### TASK
The answer must give back every line of the data exactly, with no pictures.

*** Begin section ***

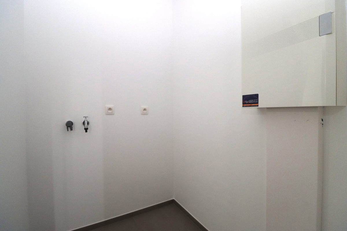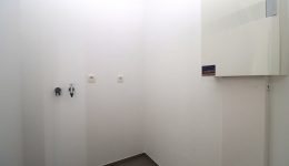 Die Aufteilung der Wohnung sieht wie folgt aus: In der Diele ist ausreichend Platz für eine Garderobe. Ebenfalls befindet sich hier ein Gäste-WC sowie gegenüberliegend ein Abstellraum mit Anschluss für Waschmaschine und Trockner. Direkt im Anschluss befindet sich das Schlafzimmer mit zwei bodentiefen Fenstern, die den Raum hell und gemütlich wirken lassen. Das Bad en Suite verfügt über ein Doppelwaschbecken, Badmöbel, beleuchtetem Spiegel, bodenbündiger Duschtasse sowie einem Handtuchhalter. Des Weiteren bietet diese Wohnung ein offenes, großzügiges Wohn-Esszimmer mit modern ausgestatteter Einbauküche. Alle Geräte und Armaturen sind in schwarz gehalten. Die viele Fensterfronten lassen auch diesen Raum hell und einladend wirken.
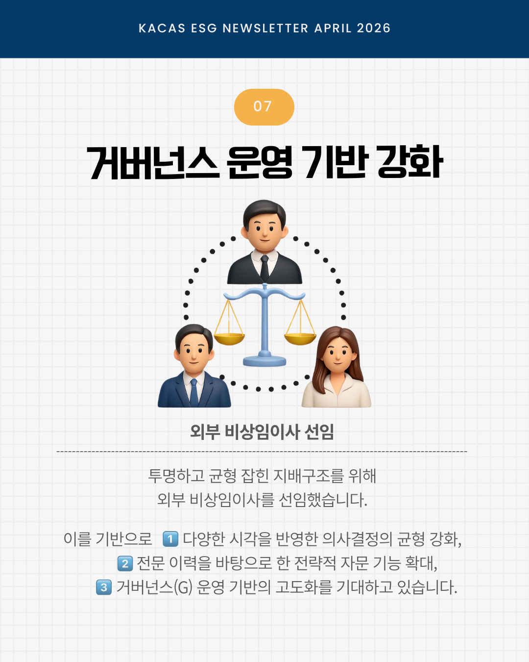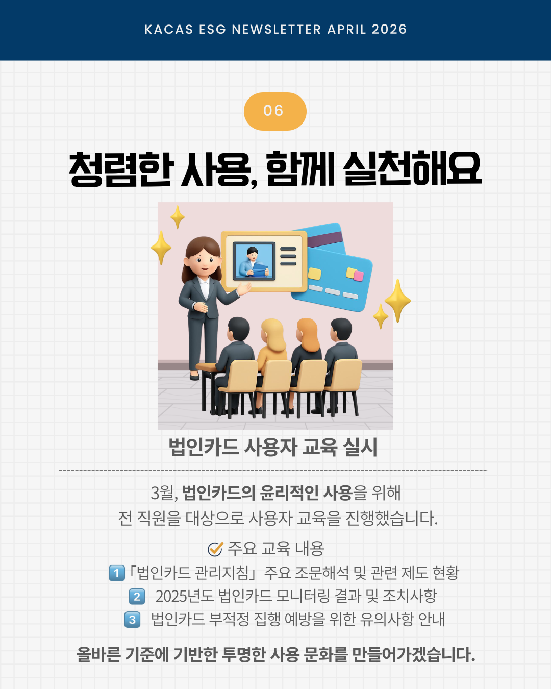 매월 ESG 뉴스레터는 공식 인스타그램(@kacas_official)에서도 만나볼 수 있습니다.
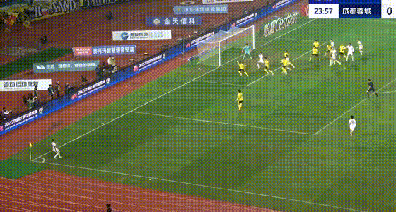 第67分钟,罗慕洛角球开到禁区,费利佩头球攻门顶进,成都蓉城扳回1球。
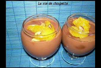 Ingrédients : 1 paquet de spéculos - 375ml de lait - 100ml de crème liquide - 75g de sucre - 100g de chocolat noir - 35g de maïzena - le jus de 2 oranges - zeste d'une orange
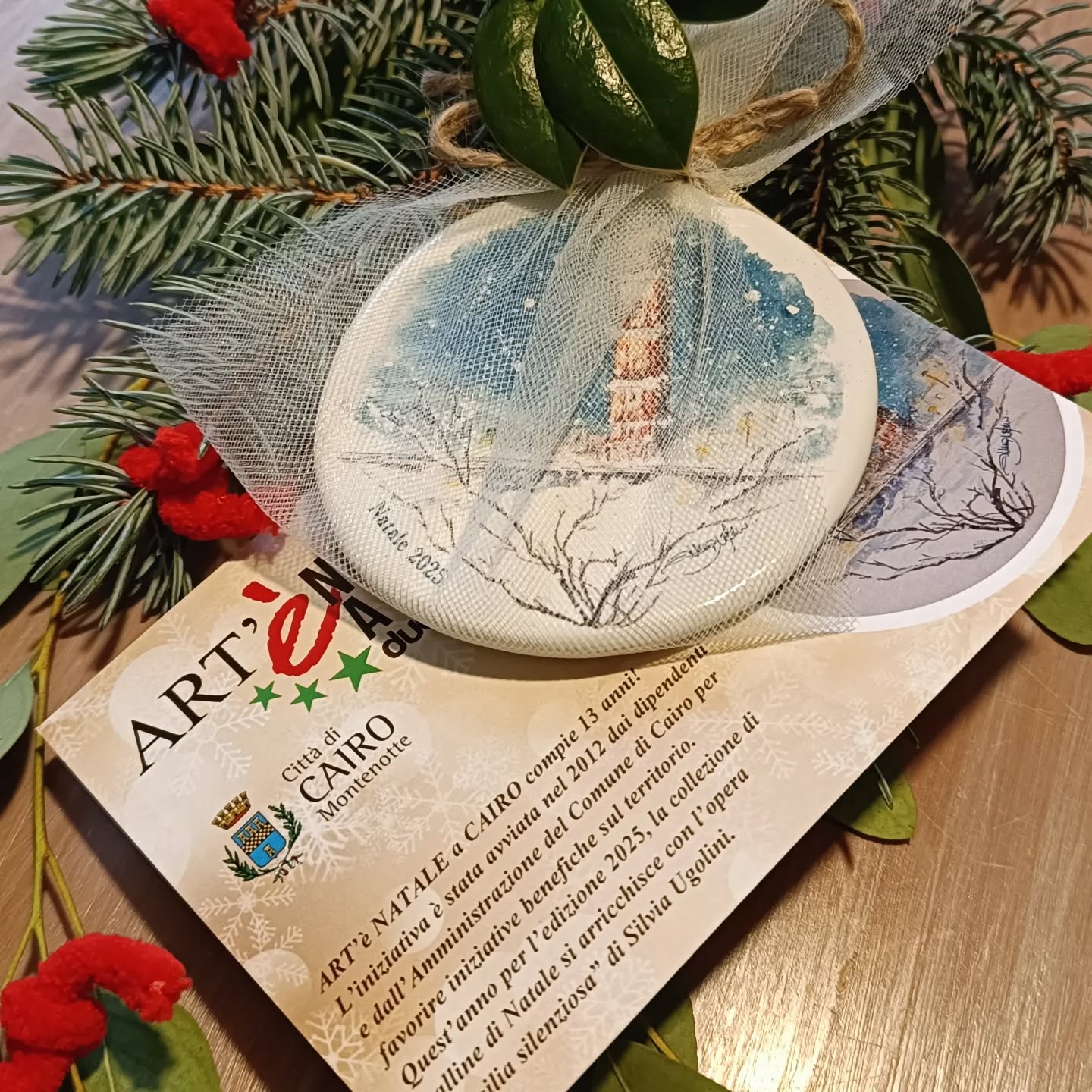 L’edizione 2025 dell’iniziativa “Art’è Natale a Cairo”, avviata nel 2012 dal personale e dagli Amministratori del Comune, prosegue con una nuova produzione. Le palline vengono realizzate in ceramica a cura della ceramista Ilaria Povigna e riproducono fedelmente l’opera ideata dall’Artista Silvia Ugolini intitolata “Vigilia silenziosa” che firma di suo pugno ogni singolo manufatto rigorosamente numerato.

*** End section ***

### RESPONSE TO THIS EXERCISE
 Die Aufteilung der Wohnung sieht wie folgt aus: In der Diele ist ausreichend Platz für eine Garderobe. Ebenfalls befindet sich hier ein Gäste-WC sowie gegenüberliegend ein Abstellraum mit Anschluss für Waschmaschine und Trockner. Direkt im Anschluss befindet sich das Schlafzimmer mit zwei bodentiefen Fenstern, die den Raum hell und gemütlich wirken lassen. Das Bad en Suite verfügt über ein Doppelwaschbecken, Badmöbel, beleuchtetem Spiegel, bodenbündiger Duschtasse sowie einem Handtuchhalter. Des Weiteren bietet diese Wohnung ein offenes, großzügiges Wohn-Esszimmer mit modern ausgestatteter Einbauküche. Alle Geräte und Armaturen sind in schwarz gehalten. Die viele Fensterfronten lassen auch diesen Raum hell und einladend wirken.
 매월 ESG 뉴스레터는 공식 인스타그램(@kacas_official)에서도 만나볼 수 있습니다.
 第67分钟,罗慕洛角球开到禁区,费利佩头球攻门顶进,成都蓉城扳回1球。
 Ingrédients : 1 paquet de spéculos - 375ml de lait - 100ml de crème liquide - 75g de sucre - 100g de chocolat noir - 35g de maïzena - le jus de 2 oranges - zeste d'une orange
 L’edizione 2025 dell’iniziativa “Art’è Natale a Cairo”, avviata nel 2012 dal personale e dagli Amministratori del Comune, prosegue con una nuova produzione. Le palline vengono realizzate in ceramica a cura della ceramista Ilaria Povigna e riproducono fedelmente l’opera ideata dall’Artista Silvia Ugolini intitolata “Vigilia silenziosa” che firma di suo pugno ogni singolo manufatto rigorosamente numerato.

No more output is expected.